In April 2021, two consulting agreements were executed whereby a total of 62,659 shares of common stock were subject to issuance of which 51,330 shares of common stock were issued as of June 30, 2021. Compensation expense related to the stock awards granted under these consulting agreements amounted to $339,001 for the three and nine months ended June 30, 2021 and were included in the total stock-based compensation expense.

 

In August 2020, an additional consulting agreement was executed whereby 40,000 shares of common stock were issued, subject to Company repurchase. The stock award under the agreement vests over a six-month period.
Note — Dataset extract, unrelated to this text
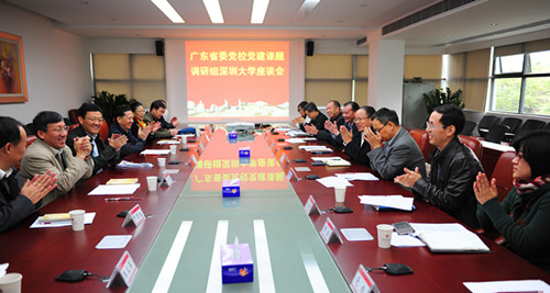 江潭瑜介紹了我校基本情況,并重點介紹了學校在黨建工作方面的特色和作法。他說,深圳大學重視加強基層黨組織建設,實行分類指導原則,對教工黨組織,緊緊圍繞教學科研,教書育人等工作;學生黨組織圍繞政治素質、科學文化素質和身心健康素質協調發展進行;機關后勤黨組織圍繞精制管理精致服務,著力提高服務能力和辦事效率等方面展開。針對高校黨員知識分子密集、獨立思考意識和學習能力較強、獲取信息渠道比較廣泛、思想活躍等特點,學校改進和創新黨支部工作和活動方式,把支部工作與教學科研、學生成長、校園文化、學生社團活動等緊密結合起來。在“控制總量、優化結構、提高質量、發揮作用”的新形勢、總要求下,扎實規范地做好黨員發展和教育工作;把入黨積極分子培養教育作為學生黨員發展工作的著力點,健全完善學校黨校和學院分層培養、分步銜接的培養體系,保證黨員發展質量,突出嚴格、規范;以制度建設為保障,建立學生黨員社會服務長效機制,學生黨員每年參加40小時志愿服務作為評選優秀的條件之一,不斷健全志愿服務管理與激勵機制;保障基層黨建工作的經費投入,每年不低于70萬的專項經費用于黨建工作,使用上規定了“公開透明、專款專用、講究實效”的原則。把加強思想意識形態工作擺到突出位置,不斷完善學生管理機制和措施,密切關注學生思想動態,深入細致地做好管理服務和教育引導。江潭瑜說,對于黨建工作還存在的一些不足,在下一步工作中,學校將抓根本,進一步推進思想理論建設;抓隊伍,加大對基層黨務工作者的培訓力度;抓服務,關心并解決師生合理訴求;抓穩定,注重意識形態教育,維護校園安全和穩定;抓落實,強化責任意識。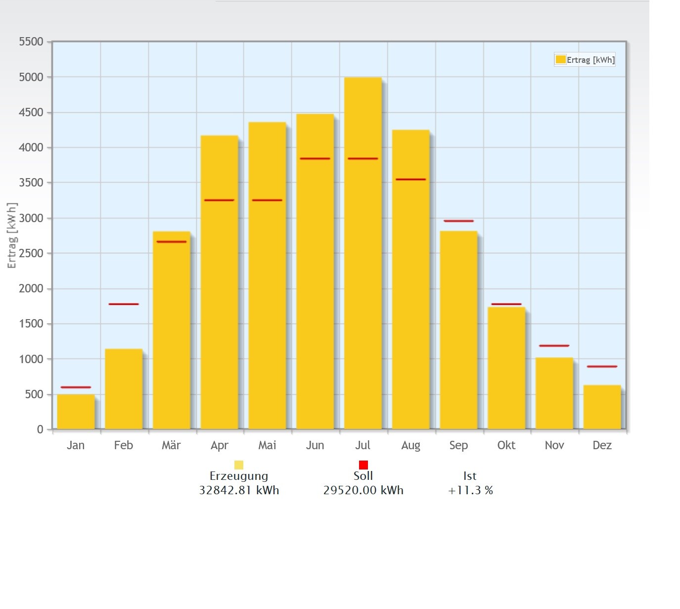 30kWp ist die installierte Leistung die die Anlage maximal bringen kann. Die habe ich aber noch nie erreicht. das höchste das ich je hatte waren 29. Der über das Jahr geleistete ertrag ist aber auch noch von den Sonnenstunden abhängig und von der Außentemperatur. Je kälter es ist umso mehr Leistung kommt bei Sonneneinstrahlung runter. Und wie mein Logger ja zeigt können in günstigen Jahren eben mehr als die Theoretisch in unseren breiten üblichen Sonnenstunden zusammenkommen. deswegen sind ja auch diese ganzen rechnenspiele nur Theorie. wenn du mit 950 Sonnenstunden rechnest dann wirst du feststellen das die anlagen mehr bringen können da die sonne sich nicht um unsere Theorie kümmert

As of June 30, 2021, 40,000 shares were vested under this agreement of which 33,334 shares vested during the nine months ended June 30, 2021. Compensation expense related to the stock award granted under this consulting agreement amounted to $171,000 for the nine months ended June 30, 2021 and was included in the total stock-based compensation expense.

 

No other stock-based awards were issued during the three and nine month periods ended June 30, 2022 and no expense associated with stock awards was recorded during the three and nine months ended June 30, 2022.

 

Inducement Plan

 

On October 4, 2021, the Company adopted the NeuroOne Medical Technologies Corporation 2021 Inducement Plan (the “Inducement Plan”), pursuant to which the Company reserved 420,350 shares of its common stock to be used exclusively for grants of awards to individuals who were not previously employees or directors of the Company, as an inducement material to the individual’s entry into employment with the Company within the meaning of Rule 5635(c)(4) of the Nasdaq Listing Rules. The Inducement Plan was approved by the Company’s Board of Directors without stockholder approval in accordance with such rule.

 

2017 Plan Evergreen Provision

 

Under the 2017 Plan, the shares reserved automatically increase on January 1st of each year, for a period of not more than ten years from the date the 2017 Plan is approved by the stockholders of the Company, commencing on January 1, 2019 and ending on (and including) January 1, 2027, to an amount equal to 13% of the fully-diluted shares outstanding as of December 31st of the preceding calendar year. Notwithstanding the foregoing, the Board may act prior to January 1st of a given year to provide that there will be no January 1st increase in the share reserve for such year or that the increase in the share reserve for such year will be a lesser number of shares of common stock than would otherwise occur pursuant to the preceding sentence. “Fully Diluted Shares” as of a date means an amount equal to the number of shares of common stock (i) outstanding and (ii) issuable upon exercise, conversion or settlement of outstanding awards under the 2017 Plan and any other outstanding options, warrants or other securities of the Company that are (directly or indirectly) convertible or exchangeable into or exercisable for shares of common stock, in each case as of the close of business of the Company on December 31 of the preceding calendar year. Effective January 1, 2022, 1,614,538 shares were added to the 2017 Plan as a result of the evergreen provision.

 

General

 

As of June 30, 2022, 1,709,534 shares were available in the aggregate for future issuance under the 2017 Plan and Inducement Plan. No shares were available for future issuance under the 2016 Equity Incentive Plan. Unrecognized stock-based compensation was $1,927,956 as of June 30, 2022. The unrecognized share-based expense is expected to be recognized over a weighted average period of 2.2 years.